> [Task description]:
Would you return exactly the lines below from the line with "最后,在搜索结果里选一个播放源,点击进入后选择播放就能开始观看了。" through the line with "off-white one-shoulder design", both included, and nothing else, leaving out the pictures?

Data entries
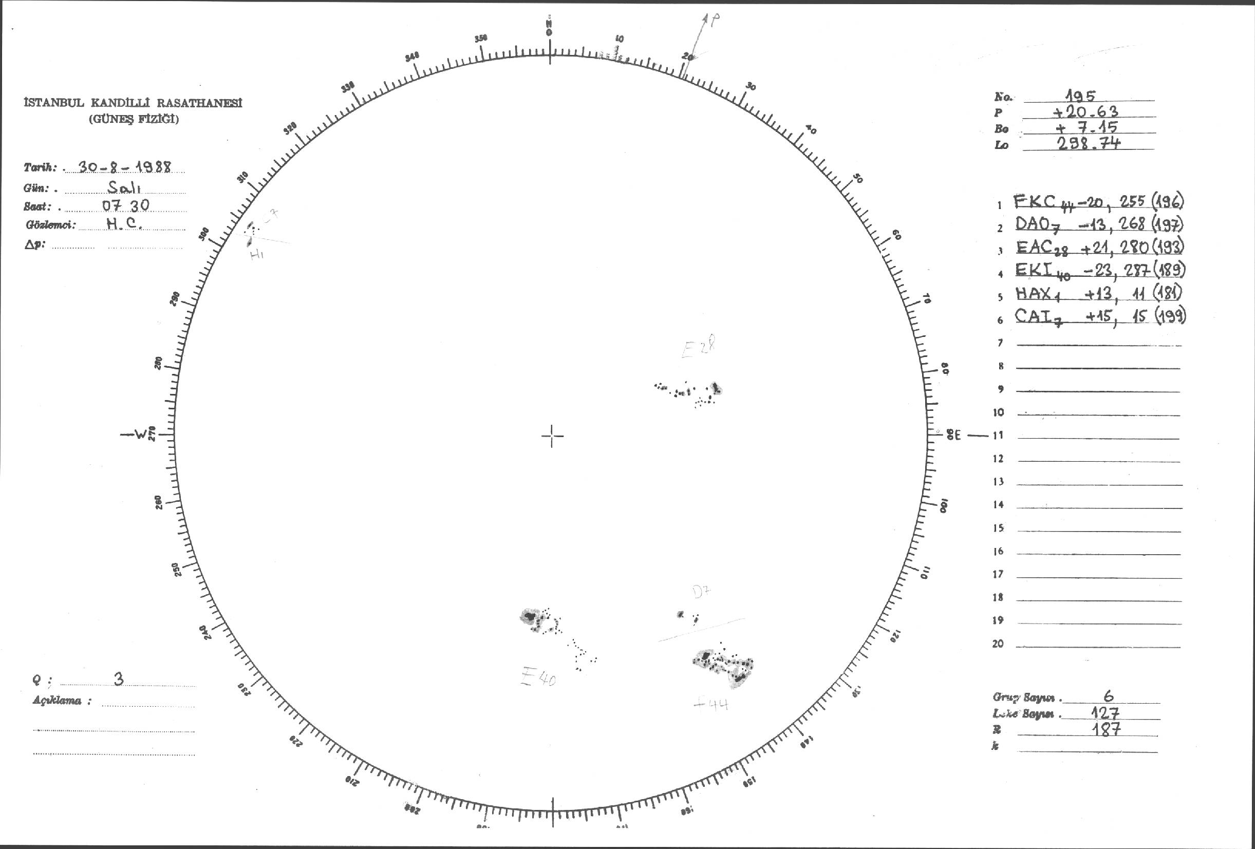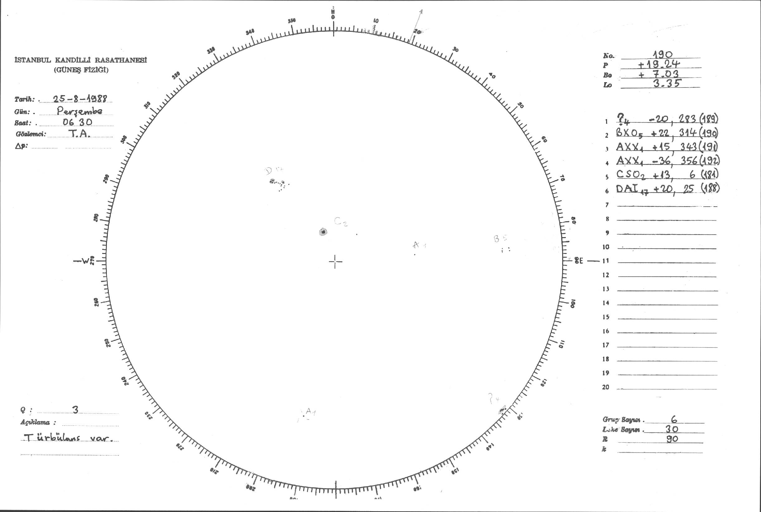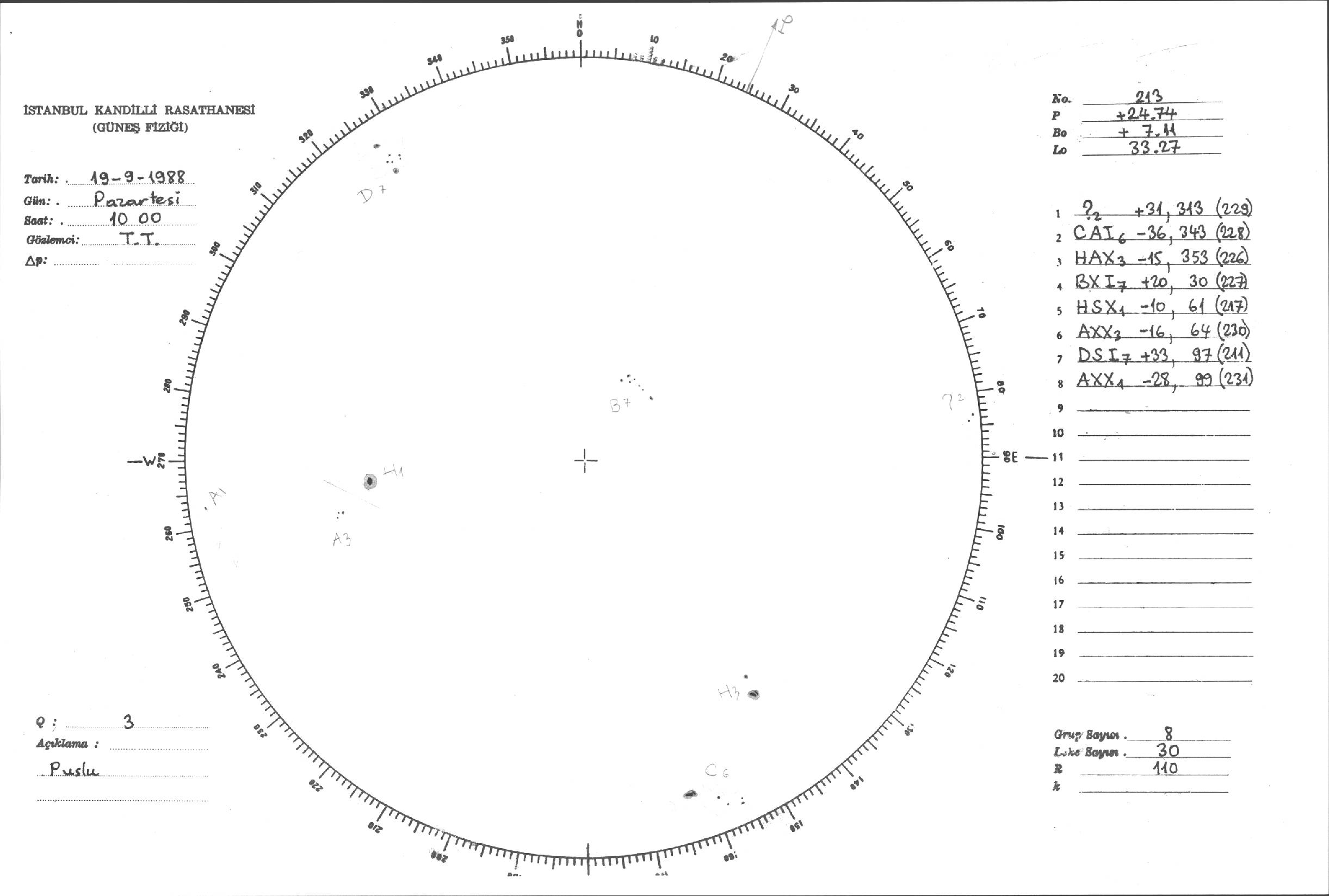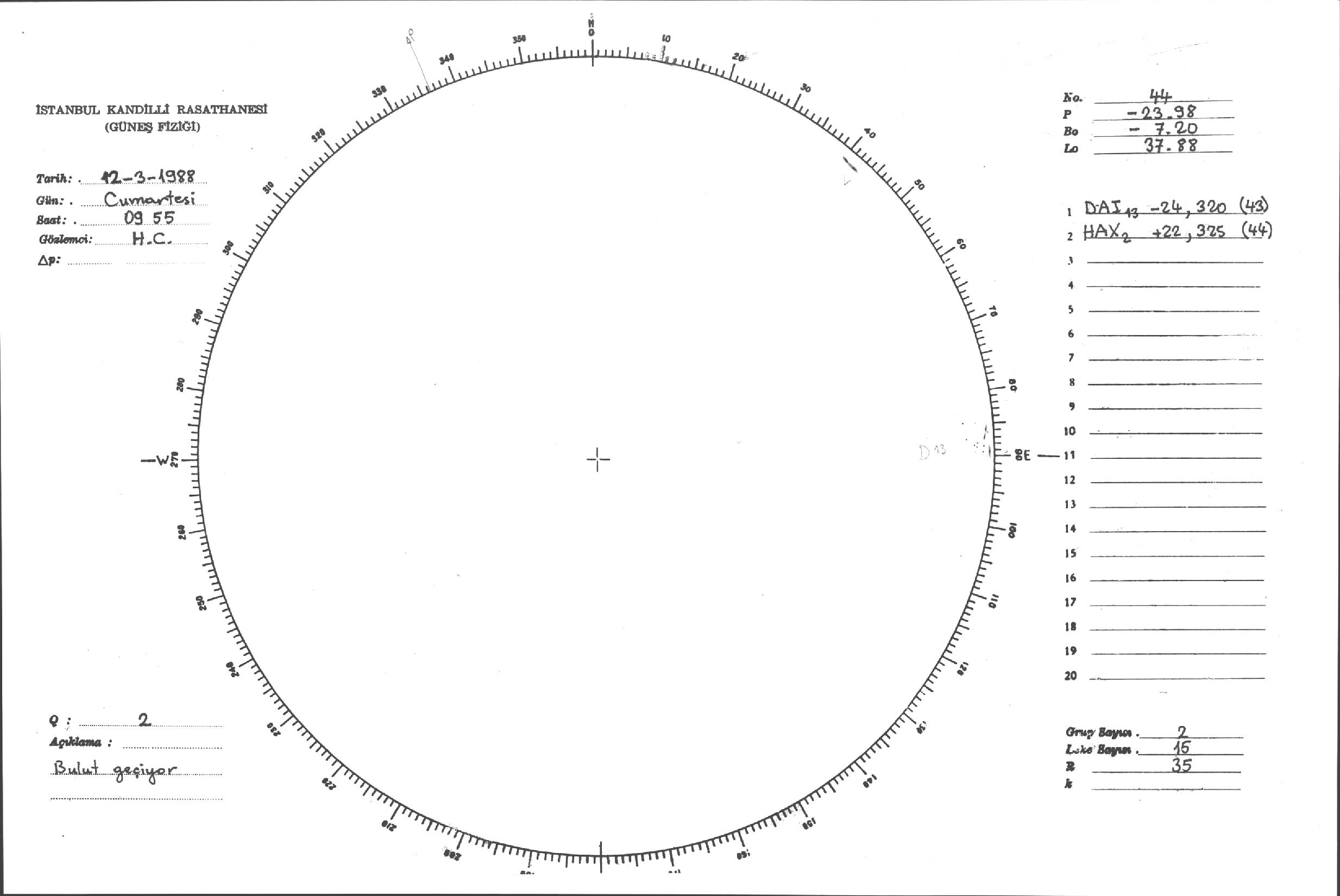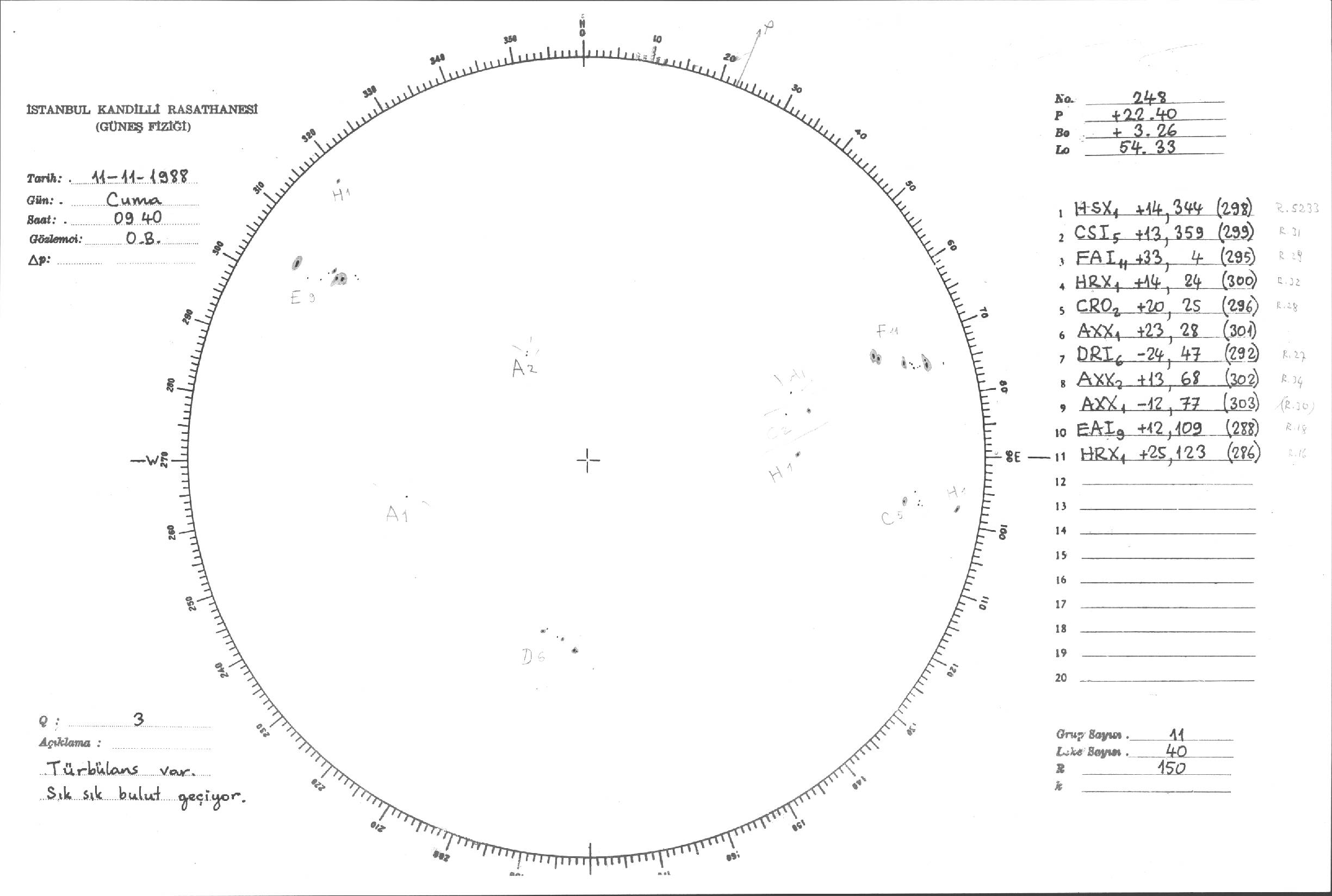 Güneş Lekesi Çizimleri / Kandilli Sunspot Drawings
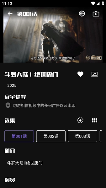 最后,在搜索结果里选一个播放源,点击进入后选择播放就能开始观看了。
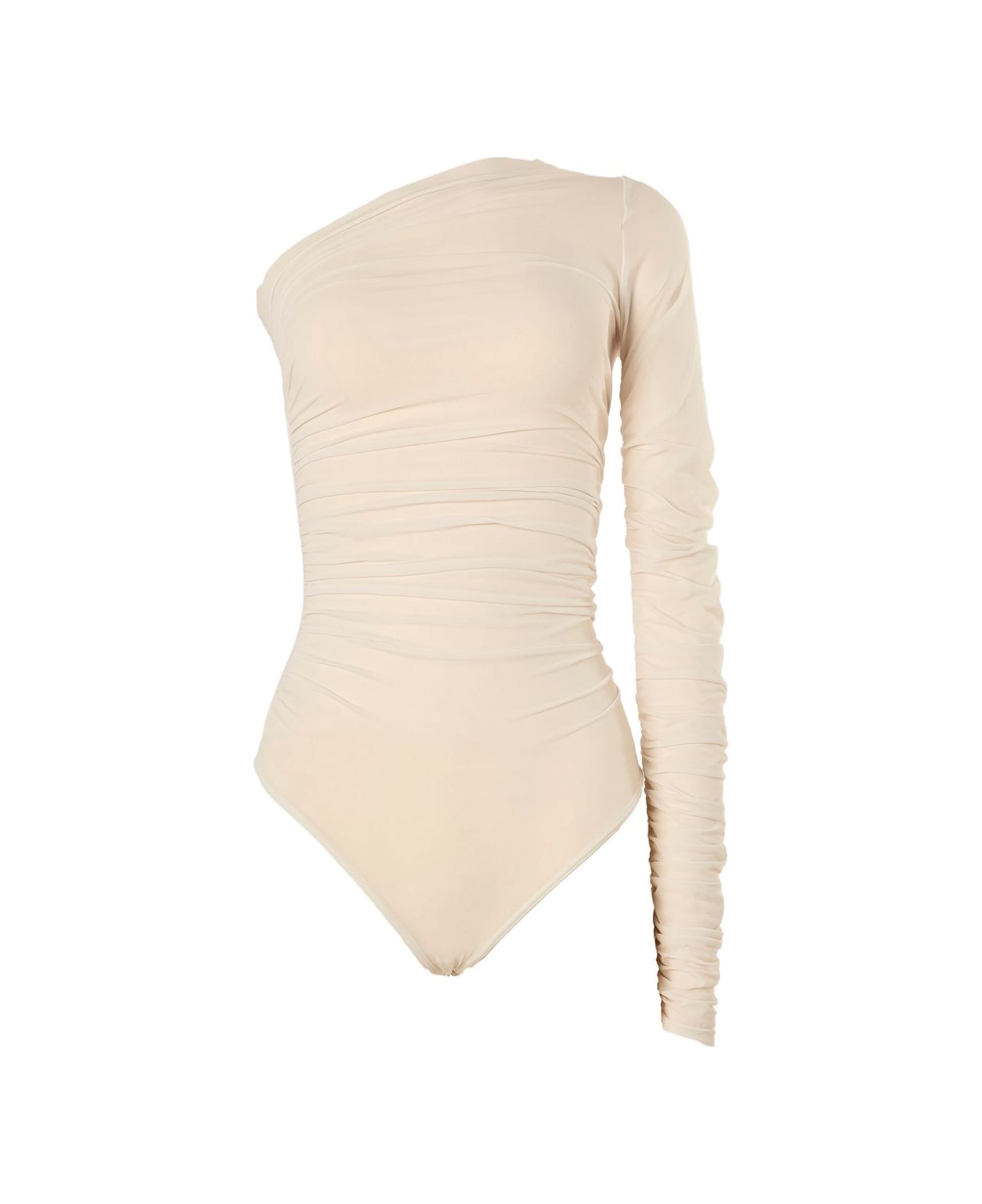 off-white one-shoulder design single long sleeve sheer finish draped detail thong cut
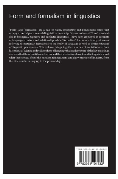 "Form" and "formalism" are a pair of highly productive and polysemous terms that occupy a central place in much linguistic scholarship. Diverse notions of "form" ¿ embedded in biological, cognitive and aesthetic discourses ¿ have been employed in accounts of language structure and relationship, while "formalism" harbours a family of senses referring to particular approaches to the study of language as well as representations of linguistic phenomena. This volume brings together a series of contributions from historians of science and philosophers of language that explore some of the key meanings and uses that these multifaceted terms and their derivatives have found in linguistics, and what these reveal about the mindset, temperament and daily practice of linguists, from the nineteenth century up to the present day.
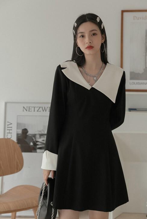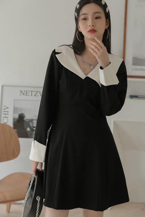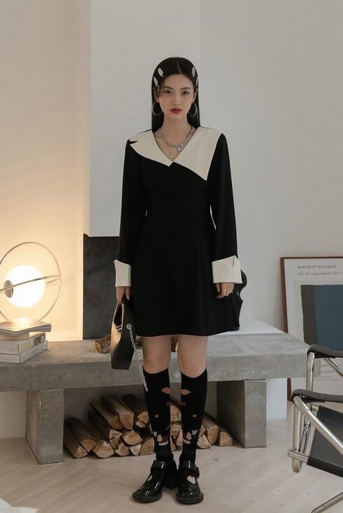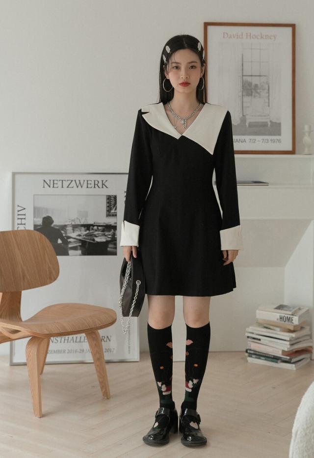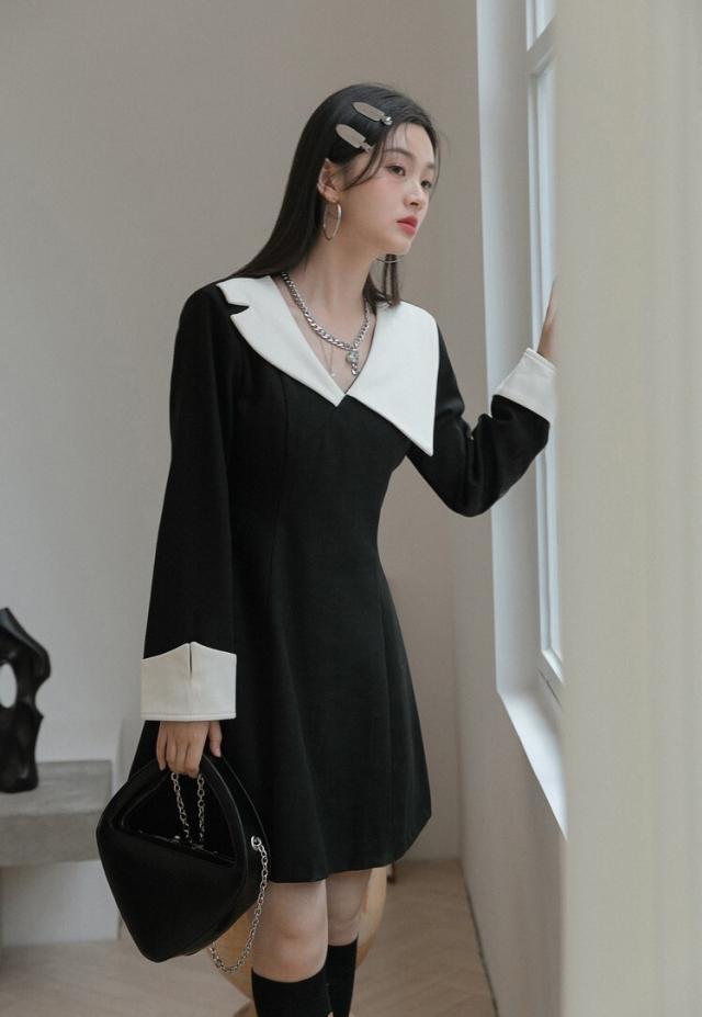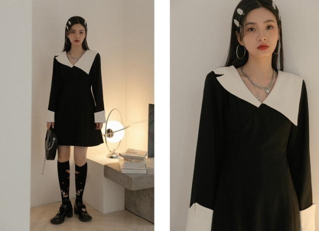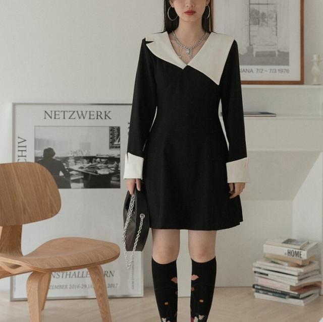 ワンピース 襟デザイン 膝上 ミニ丈 袖あり 長袖 薄手 かわいい 大人可愛い きれいめ 上品 おしゃれ 大人可愛い 個性的 モダン 主役級 二次会 披露宴 10代 20代 30代 レディース 女性用 デート お出かけ 女子会 パーティー イベント ホテル ファッション コーデ スタイル モテ

> [Finished exercise]:
 最后,在搜索结果里选一个播放源,点击进入后选择播放就能开始观看了。
 off-white one-shoulder design single long sleeve sheer finish draped detail thong cut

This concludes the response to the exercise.